Is there life on Rosetta’s comet? New claims spark controversy
Two British scientists made the headlines on Monday, July 6, by making the extraordinary claim that Comet 67P/Churyumov-Gerasimenko hosts microbial alien life, which immediately sparked a wave of skepticism. The University of Buckingham’s Chandra Wickramasinghe and his colleague, Max Wallis of the University of Cardiff, presented their findings at the National Astronomy Meeting 2015, which is taking place this week in Llandudno, Wales.
“Rosetta has already shown that the comet is not to be seen as a deep-frozen inactive body, but supports geological processes and could be more hospitable to micro-life than our Arctic and Antarctic regions,” Wallis said.
The scientists stated that micro-organisms have shaped the comet’s activity resulting in distinct and unexpected features on its surface. The comet does, in fact, have a set of interesting attributes for further study.

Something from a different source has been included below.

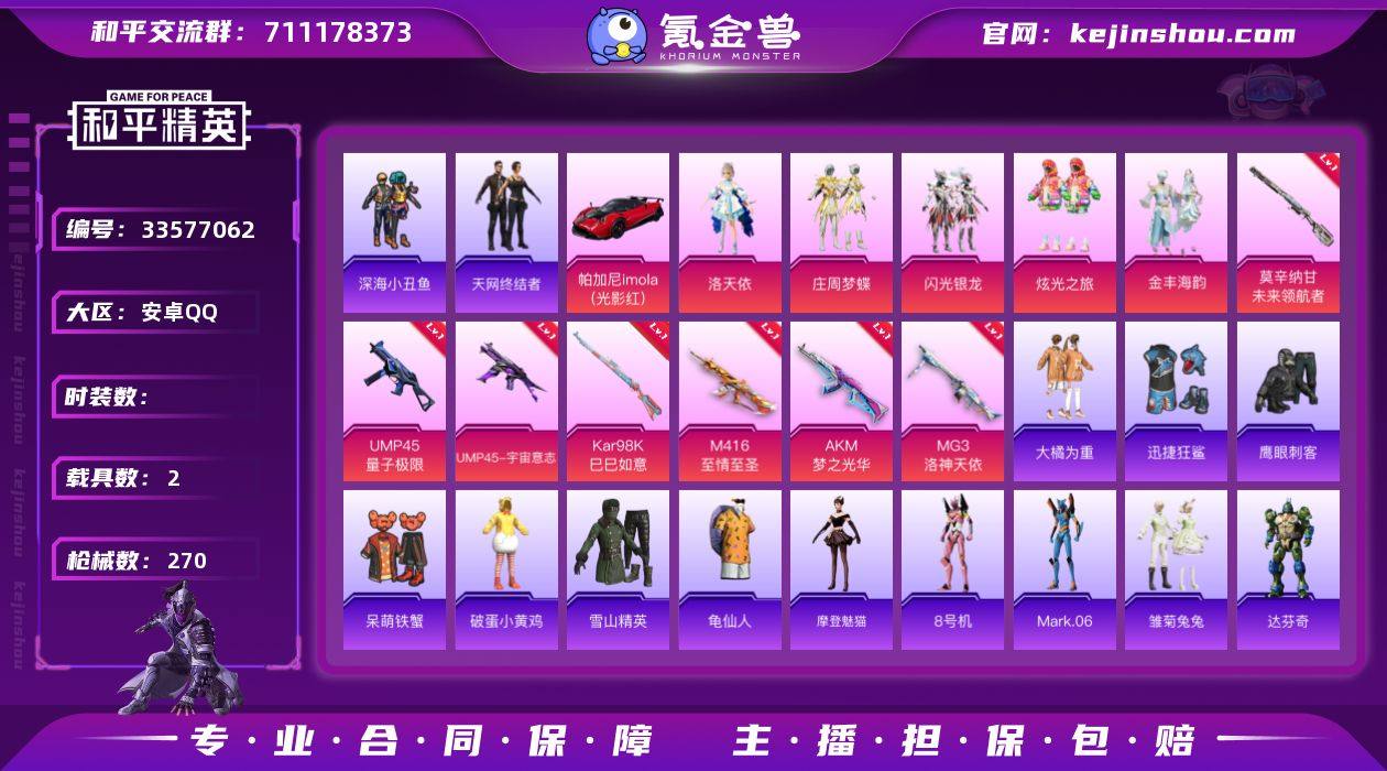 hs68327 安卓手Q-17王牌印记-1红装-6粉装-11特效枪-2载具-88450热力值-181套装-270枪皮-6卓越印记-4传奇印记 【1红装】暮色玫影-艾丽娅/2级 【6粉装】套装-庄周梦蝶,套装-炫光之旅,角色-洛天依,套装-闪光银龙,套装-金丰海韵,角色-异瞳寒姬 【11特效枪】M416-至情至圣/8级,MG3-洛神天依/4级,DP-28-豹影疾电/5级,莫辛纳甘-未来领航者/6级,Mk14-福马献瑞/3级,UMP45-宇宙意志/3级,Kar98K-巳巳如意/5级,UMP45-量子极限/5级,AKM-暮色玫影/3级,M416-灵猫魔法师/3级,AKM-梦之光华/6级 【7稀有紫装】Mark.06,8号机,天网终结者,深海小丑鱼,雪山精英,迅捷狂鲨,龟仙人 【2稀有载具】帕加尼imola(光影红),暮色幽蹄 【181稀有时装】艾丽娅/2级,洛天依,庄周梦蝶,炫光之旅,闪光银龙,异瞳寒姬,金丰海韵,龟仙人,Mark.06,雪山精英,深海小丑鱼,8号机,迅捷狂鲨,天网终结者,大橘为重,萌趣咩咩,龙魂突击队,小熊娃娃,摩登魅猫,白糯汤圆,星途旅人,冰河战士,鱼渊荷华,青团波波,燕燕于飞,达芬奇,战术大师,智谋强哥,雏菊兔兔,马上有钱,糖糖葫芦,香桃花海,蝶变,巳巳如意,湖畔霞光,曼妙人鱼,午间小调,琴音绮想,画境星梦,朱霞炽焰,美羊羊,凌霄紫焰,炫彩糖果,萌鸡速递,书海巡游,风迹短诗,秘语星愿,白光莹,冰公...
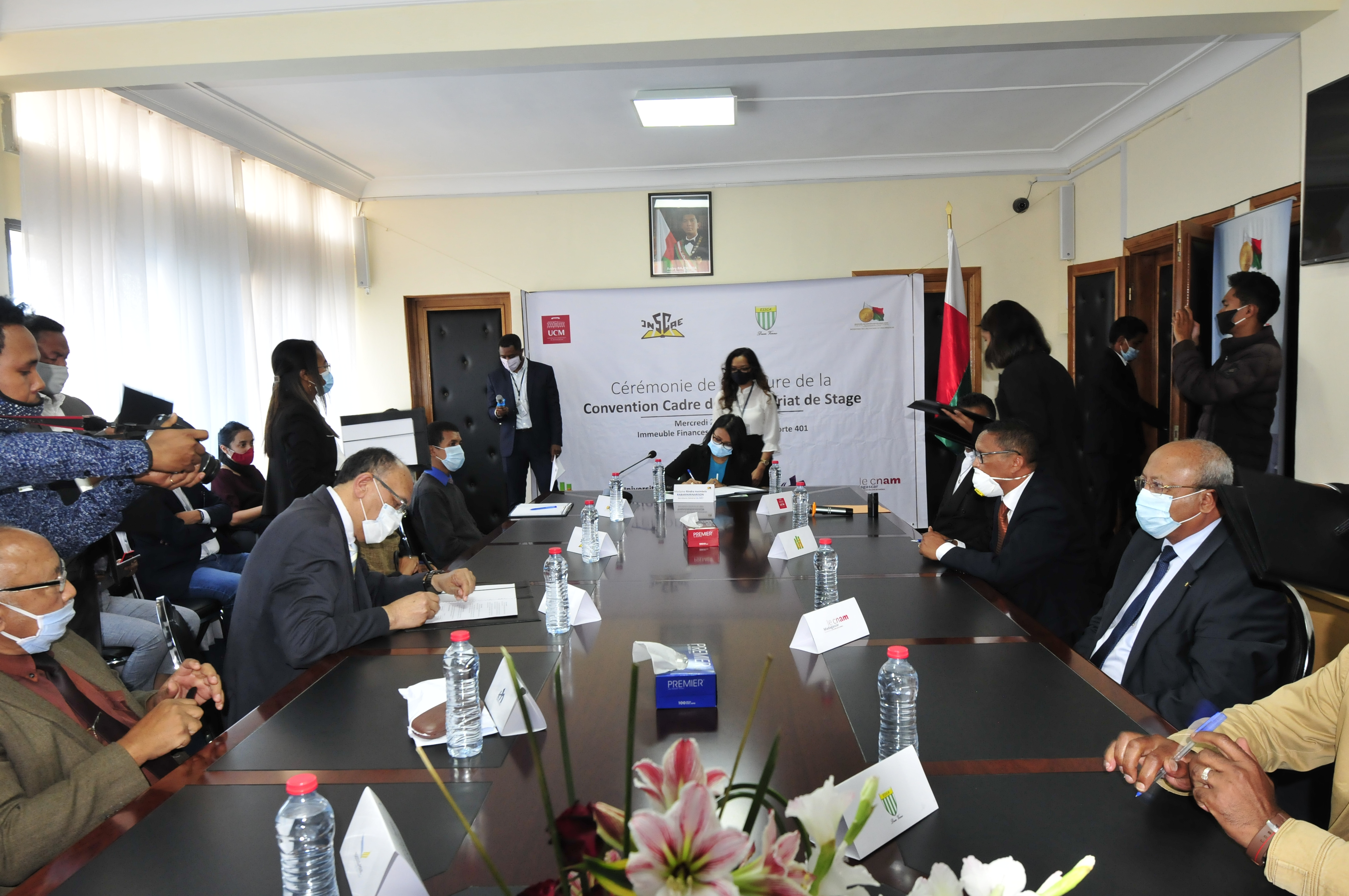 Coïncidant aux aspirations de son Excellence Monsieur le Président de la République de Madagascar et de Monsieur le Ministre de l’Economie et des Finances dans le « Velirano », le Ministère a toujours tenu à cœur, dans sa mission de service public, l’insertion des jeunes à l’emploi pour assurer l’avenir du Pays, afin de garantir une Émergence réelle de Madagascar. C’est dans cette perspective que le MEF s’est engagé dans le projet de renforcer sa coopération avec les Etablissements de formations supérieures de prestige du Pays. Pour marquer le pas, huit Etablissements de renommés étaient présents lors de la première vague de la cérémonie de signature de la convention cadre avec Madame le Secrétaire Général en tant que représentante du MEF. Cet évènement s’est tenu dans les locaux de l’immeuble des Finances Antaninarenina, le mercredi 28 octobre 2020 à 16 heures. A l’issu de cette convention, ces Etablissements sont désormais Partenaires exclusifs du Ministère en matière de stage. Ce projet a pour objectif de permettre aux étudiants des Etablissements Partenaires d’acquérir des expériences et des expertises professionnelles en permettant à leur étudiant d’effectuer leur stage au sein du Ministère. Mais bien plus encore, les deux acteurs pourront accentuer leurs actions dans la lutte contre la corruption notamment par une collaboration en matière d’éradication d’usage des faux diplômes, et pourront se consulter pour l’élaboration de programme de recherche collaboratif, et proposer aux agents du Ministère des formations en partenariat avec les Établissements de formation.

These include a black, carbon-containing crust and underlying ice; large, smooth ‘seas’; flat-bottomed craters and a surface peppered with mega-boulders. According to the researchers, the characteristic features might only be explained by the presence of microbial life.
Wallis and Wickramasinghe, through the use of computer simulations, claim that the micro-organisms probably require bodies of liquid water to colonize the comet and could inhabit cracks in its ice and ‘snow’. The temperatures, as low as -40 °C, are no problem for organisms containing anti-freeze salts. They noted that microbes have proven to be particularly good at adapting to such a frigid environment.
The researchers noticed that as the comet travels toward the closest point in its orbit (perihelion) around the Sun, the temperature is rising, the out-gassing is increasing, and any possible micro-organisms living on the comet should then become increasingly active.
Shortly after the new findings were announced, they attracted criticism from other scientists specializing in the search for extraterrestrial life, debunking the newly presented hypothesis.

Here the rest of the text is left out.